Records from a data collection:
********
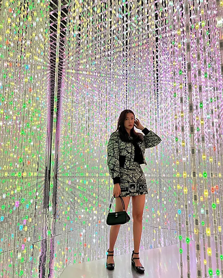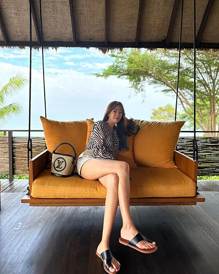 Louis Vuitton的Capucines手提肩袋,想必是刘子绚的爱包之一吧。除了LV与Yayoi Kusama的联名,她另有一款粉色的Capucines手提袋,围巾缠绕了手柄,让这款包包另有一种魅力,特别适合在Barbiecore正流行的夏天。
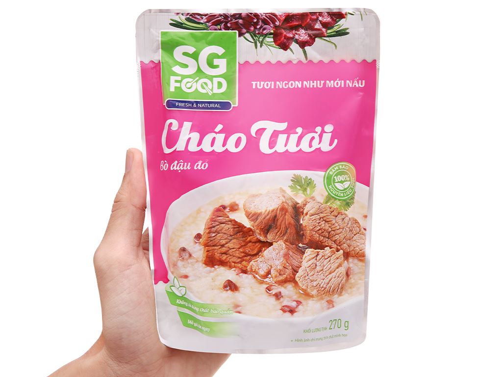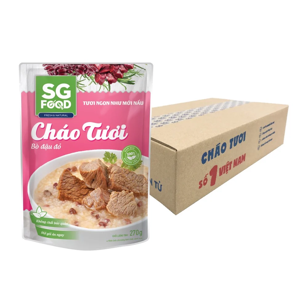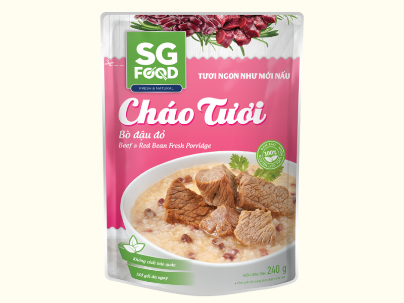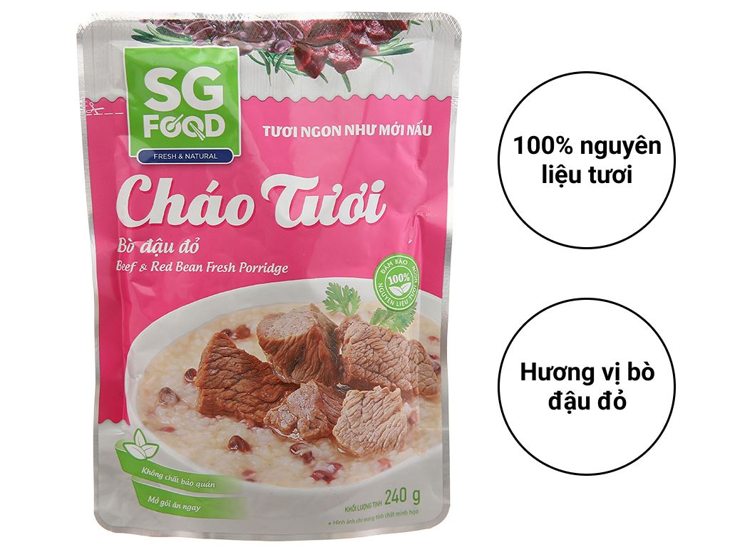 Sản phẩm cháo ăn liền tiện lợi từ thương hiệu SG Food. Cháo tươi bò đậu đỏ SG Food gói 240g được làm từ các nguyên liệu tự nhiên, an toàn cho sức khỏe, hương vị cháo là sự kết hợp hài hòa của thịt bò và đậu đỏ bổ dưỡng, thơm ngon cùng mùi hương hấp dẫn mà lại cực nhanh và đơn giản.
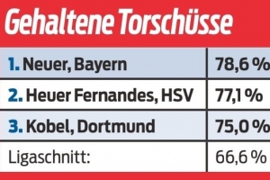 體育資訊10月8日訊 《體育圖片報》統計了本賽季門將在德甲聯賽中的撲救成功率,并列出前三名榜單,拜仁39歲門將諾伊爾以78.6%居首。
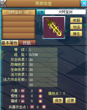 太阿宝剑需要使用太阿宝剑法宝炼化炉炼制,太阿宝剑法宝的成长系数为9.0。注:上古降魔杵的等级达到10级才能炼化太阿宝剑。不论是否成功,每次炼化需要消耗经验x100万、银两x3万、法宝炉神炭x500。
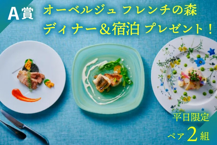 プレゼント内容: A賞/「オーベルジュ フレンチの森」 平日限定のご宿泊プレゼント(ペア2組)
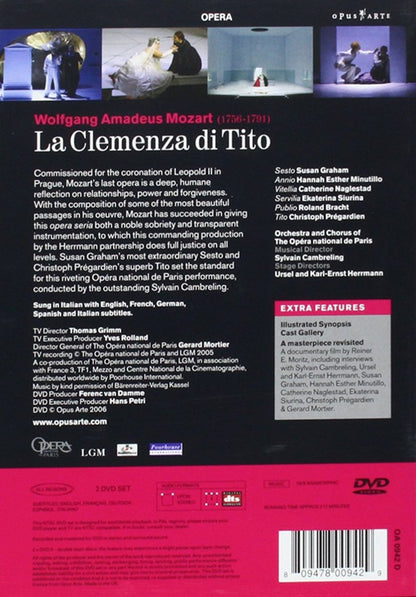 Commissioned for the coronation of Leopold II in Prague, Mozart's last opera is a deep, humane reflection on relationships, power and forgiveness. With the composition of some of the most beautiful passages in his oeuvre, Mozart has succeeded in giving this operaseria both a noble sobriety and transparent instrumentation, to which this commanding production by the Hermann partnership does full justice on all levels. Susan Graham's most extraordinary Sesto and Christoph Prégardien's superb Tito set the standard for this riveting Opéra National de Paris performance, conducted by the outstanding Sylvain Cambreling.
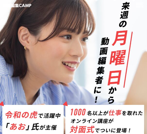 動画編集CAMPは、短期集中で動画編集スキルを学べる実践型スクールです。公式サイトで講座内容や開催情報をチェックして、動画編集スキルを身につけてみてください。
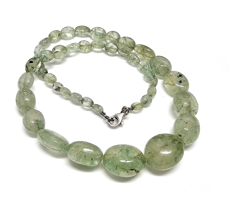Smaragd Halskette Olive (behandelt) ca. 5-15 mm verlaufend / ca. 42 cm mit Silberkarabiner
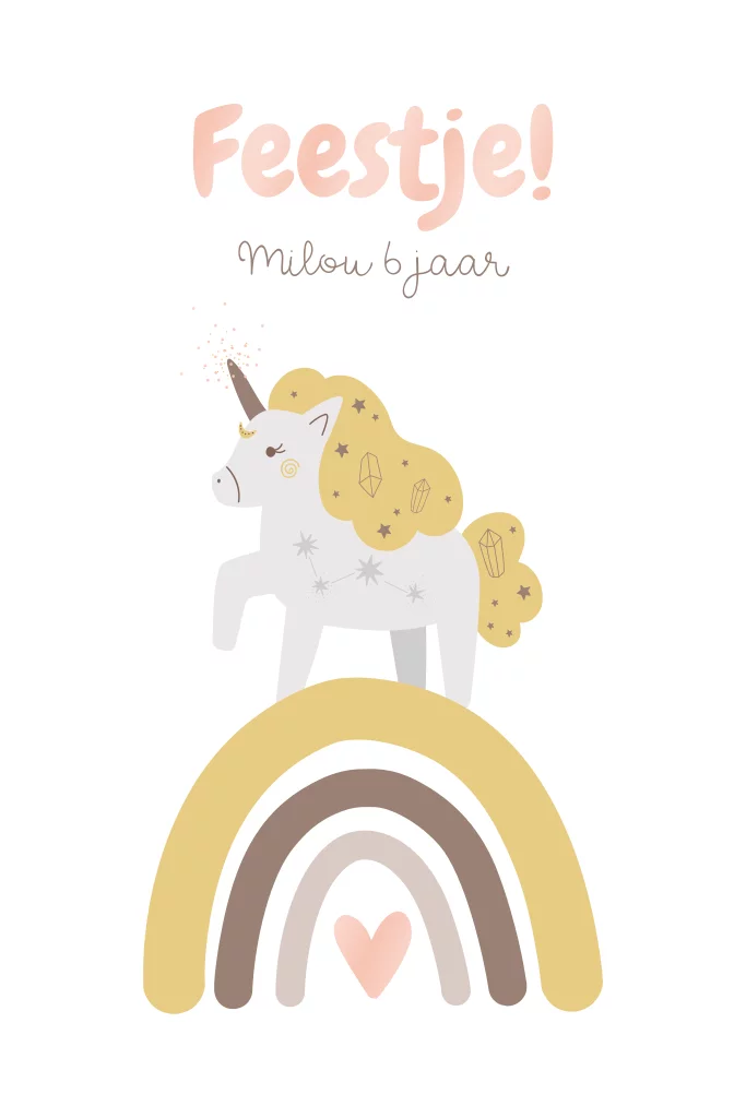 Unicorn uitnodiging voor een kinderfeestje. Op deze uitnodiging voor een kinderfeestje vind je alles wat je nodig hebt: een vrolijke unicorn met regenboog en hartje. Helemaal geschikt voor een meisje die van eenhoorns houdt en een eenhoorn kinderfeestje geeft! Extra bijzonder aan deze uitnodiging zijn de ronde hoeken en de hoogglans. De spot-UV hoogglans lak geeft een mooie glans en diepte aan de kaart. De teksten zijn gemakkelijk aan te passen, net zoals de leeftijd op het kaartje.
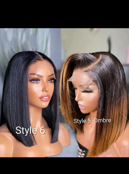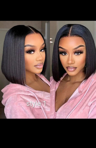 100% human raw hair bone straight bob Wig
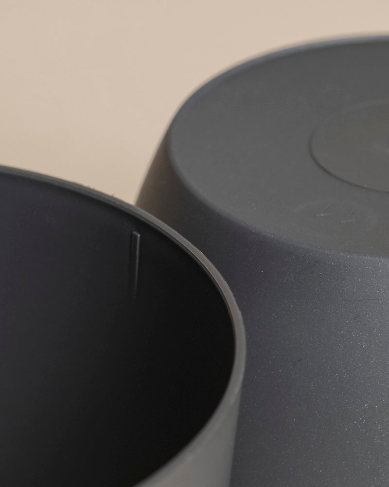 Nahaufnahme von zwei mattschwarzen zylindrischen Pflanzgefäßen aus Kunststoff-Topf (Kiki | 11 cm Ø), von denen eines aufrecht steht und eines auf der Seite liegt, ideal für die Heimdekoration, vor einem neutralen beigen Hintergrund.
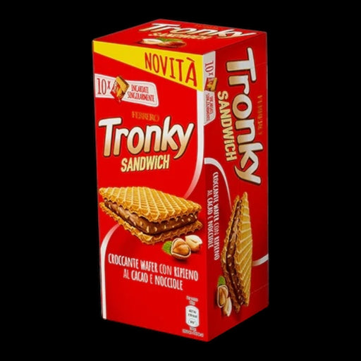 TRONKY SANDWICHZwei Schichten knuspriger, quadratischer Waffeln umhüllen eine köstliche Kakao-Haselnuss-Füllung, zubereitet aus ausgewählten Zutate...
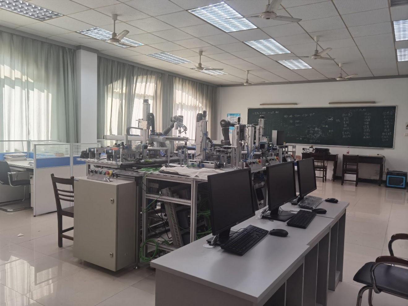 智能机器人协同控制实验室主要承担自动化专业的课程设计、毕业设计、学科竞赛、科学研究工作,现有实验室面积总共95平方米。 主要仪器设备有: 1、西门子PLC控制系统 2、计算机 3、网管型交换机 4、RFID无线射频系统 5、无线路由器 6、无线通讯系统 7、信息安全模块 8、科研设备变频器 9、工业机器人本体 10、供料站装置 11、加工站装置 12、装配站装置 13、物流及仓储站装置 14、信息管理系统装置
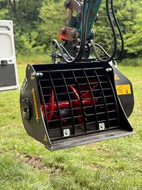 BennaMiscelatrice S8 da 80 lt. attacco per miniescvatore Macchina portante dai 16 ai 20 qli. Capacità 80 lt Misure: 850x600x650 Peso: 150 kg Eliche in Hardox spessore 10mmcertificato Perno centrale diametro 40mm coningrassatori Lama in Hardox 500 Scarico centrale con aperturaidraulica, kit elettrico, Motore idraulico Danfoss Griglia di protezione contagliasacchi Catalogo ricambi CE Spedizioni su tutto il territorioNazionale Per info o appuntamenti chiedere diStefano Seguici sui social: https://www.facebook.com/movimek.movimek https://www.instagram.com/movimek/
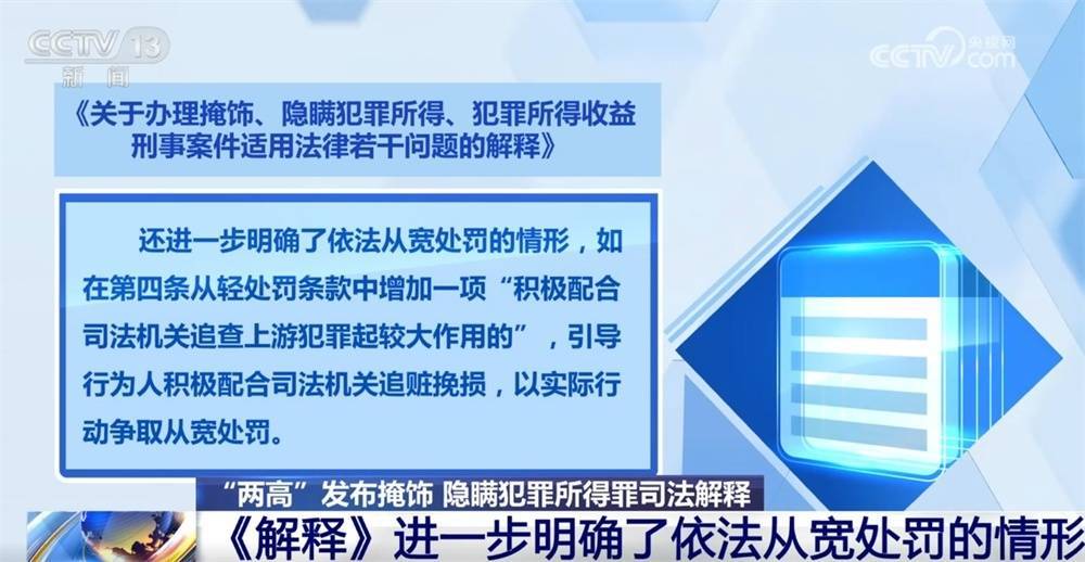r央视网消息:8月25日,最高人民法院、最高人民检察院共同发布《关于办理掩饰、隐瞒犯罪所得、犯罪所得收益刑事案件适用法律若干问题的解释》。据了解,掩饰、隐瞒犯罪所得罪是实践中案件数量最大的洗钱类犯罪,也是与电信网络诈骗、网络赌博等犯罪密切关联的下游犯罪。《解释》主要内容有哪些?和以前相比有哪些变化?来看记者的采访。
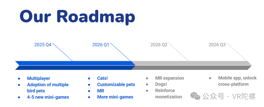 Wendelin Reich:后续更新计划如路线图所示。玩家们提出了很多要求,包括多人模式、猫咪、新迷你游戏以及更多玩具。需求明确且日益增长。有了适当的支持,我们能加速推进路线图,将《Forever Pets》拓展为终极XR宠物宇宙。
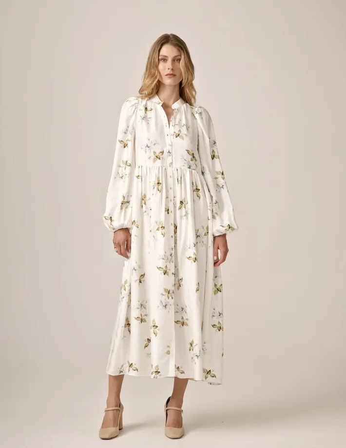 Viscose Relaxed Dress fra by TiMo er laget i en delikat og skinnende blanding av lin og sertifisert viskose. Kjolen har midi-lengde, avslappet passform, lett justert i midjen for strukturen, lange ermer med elastiske mansjetter, mandarinkrage og knapper foran. Kjolen har vakre rynkedetaljer fra midjen og ned, noe som gir en flytende og sjarmerende stil til denne kjolen.
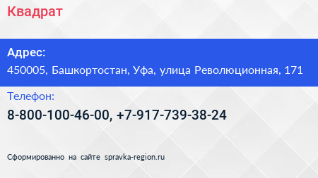 Квадрат по адресу 450005, Башкортостан, Уфа, улица Революционная, 171 в дальнейшем Организация, размещена в следующих категориях:
********
■ **Task to carry out**
Output every record above verbatim, excluding images.

■ **Task answer**
 Louis Vuitton的Capucines手提肩袋,想必是刘子绚的爱包之一吧。除了LV与Yayoi Kusama的联名,她另有一款粉色的Capucines手提袋,围巾缠绕了手柄,让这款包包另有一种魅力,特别适合在Barbiecore正流行的夏天。
 Sản phẩm cháo ăn liền tiện lợi từ thương hiệu SG Food. Cháo tươi bò đậu đỏ SG Food gói 240g được làm từ các nguyên liệu tự nhiên, an toàn cho sức khỏe, hương vị cháo là sự kết hợp hài hòa của thịt bò và đậu đỏ bổ dưỡng, thơm ngon cùng mùi hương hấp dẫn mà lại cực nhanh và đơn giản.
 體育資訊10月8日訊 《體育圖片報》統計了本賽季門將在德甲聯賽中的撲救成功率,并列出前三名榜單,拜仁39歲門將諾伊爾以78.6%居首。
 太阿宝剑需要使用太阿宝剑法宝炼化炉炼制,太阿宝剑法宝的成长系数为9.0。注:上古降魔杵的等级达到10级才能炼化太阿宝剑。不论是否成功,每次炼化需要消耗经验x100万、银两x3万、法宝炉神炭x500。
 プレゼント内容: A賞/「オーベルジュ フレンチの森」 平日限定のご宿泊プレゼント(ペア2組)
 Commissioned for the coronation of Leopold II in Prague, Mozart's last opera is a deep, humane reflection on relationships, power and forgiveness. With the composition of some of the most beautiful passages in his oeuvre, Mozart has succeeded in giving this operaseria both a noble sobriety and transparent instrumentation, to which this commanding production by the Hermann partnership does full justice on all levels. Susan Graham's most extraordinary Sesto and Christoph Prégardien's superb Tito set the standard for this riveting Opéra National de Paris performance, conducted by the outstanding Sylvain Cambreling.
 動画編集CAMPは、短期集中で動画編集スキルを学べる実践型スクールです。公式サイトで講座内容や開催情報をチェックして、動画編集スキルを身につけてみてください。
Smaragd Halskette Olive (behandelt) ca. 5-15 mm verlaufend / ca. 42 cm mit Silberkarabiner
 Unicorn uitnodiging voor een kinderfeestje. Op deze uitnodiging voor een kinderfeestje vind je alles wat je nodig hebt: een vrolijke unicorn met regenboog en hartje. Helemaal geschikt voor een meisje die van eenhoorns houdt en een eenhoorn kinderfeestje geeft! Extra bijzonder aan deze uitnodiging zijn de ronde hoeken en de hoogglans. De spot-UV hoogglans lak geeft een mooie glans en diepte aan de kaart. De teksten zijn gemakkelijk aan te passen, net zoals de leeftijd op het kaartje.
 100% human raw hair bone straight bob Wig
 Nahaufnahme von zwei mattschwarzen zylindrischen Pflanzgefäßen aus Kunststoff-Topf (Kiki | 11 cm Ø), von denen eines aufrecht steht und eines auf der Seite liegt, ideal für die Heimdekoration, vor einem neutralen beigen Hintergrund.
 TRONKY SANDWICHZwei Schichten knuspriger, quadratischer Waffeln umhüllen eine köstliche Kakao-Haselnuss-Füllung, zubereitet aus ausgewählten Zutate...
 智能机器人协同控制实验室主要承担自动化专业的课程设计、毕业设计、学科竞赛、科学研究工作,现有实验室面积总共95平方米。 主要仪器设备有: 1、西门子PLC控制系统 2、计算机 3、网管型交换机 4、RFID无线射频系统 5、无线路由器 6、无线通讯系统 7、信息安全模块 8、科研设备变频器 9、工业机器人本体 10、供料站装置 11、加工站装置 12、装配站装置 13、物流及仓储站装置 14、信息管理系统装置
 BennaMiscelatrice S8 da 80 lt. attacco per miniescvatore Macchina portante dai 16 ai 20 qli. Capacità 80 lt Misure: 850x600x650 Peso: 150 kg Eliche in Hardox spessore 10mmcertificato Perno centrale diametro 40mm coningrassatori Lama in Hardox 500 Scarico centrale con aperturaidraulica, kit elettrico, Motore idraulico Danfoss Griglia di protezione contagliasacchi Catalogo ricambi CE Spedizioni su tutto il territorioNazionale Per info o appuntamenti chiedere diStefano Seguici sui social: https://www.facebook.com/movimek.movimek https://www.instagram.com/movimek/
r央视网消息:8月25日,最高人民法院、最高人民检察院共同发布《关于办理掩饰、隐瞒犯罪所得、犯罪所得收益刑事案件适用法律若干问题的解释》。据了解,掩饰、隐瞒犯罪所得罪是实践中案件数量最大的洗钱类犯罪,也是与电信网络诈骗、网络赌博等犯罪密切关联的下游犯罪。《解释》主要内容有哪些?和以前相比有哪些变化?来看记者的采访。
 Wendelin Reich:后续更新计划如路线图所示。玩家们提出了很多要求,包括多人模式、猫咪、新迷你游戏以及更多玩具。需求明确且日益增长。有了适当的支持,我们能加速推进路线图,将《Forever Pets》拓展为终极XR宠物宇宙。
 Viscose Relaxed Dress fra by TiMo er laget i en delikat og skinnende blanding av lin og sertifisert viskose. Kjolen har midi-lengde, avslappet passform, lett justert i midjen for strukturen, lange ermer med elastiske mansjetter, mandarinkrage og knapper foran. Kjolen har vakre rynkedetaljer fra midjen og ned, noe som gir en flytende og sjarmerende stil til denne kjolen.
 Квадрат по адресу 450005, Башкортостан, Уфа, улица Революционная, 171 в дальнейшем Организация, размещена в следующих категориях:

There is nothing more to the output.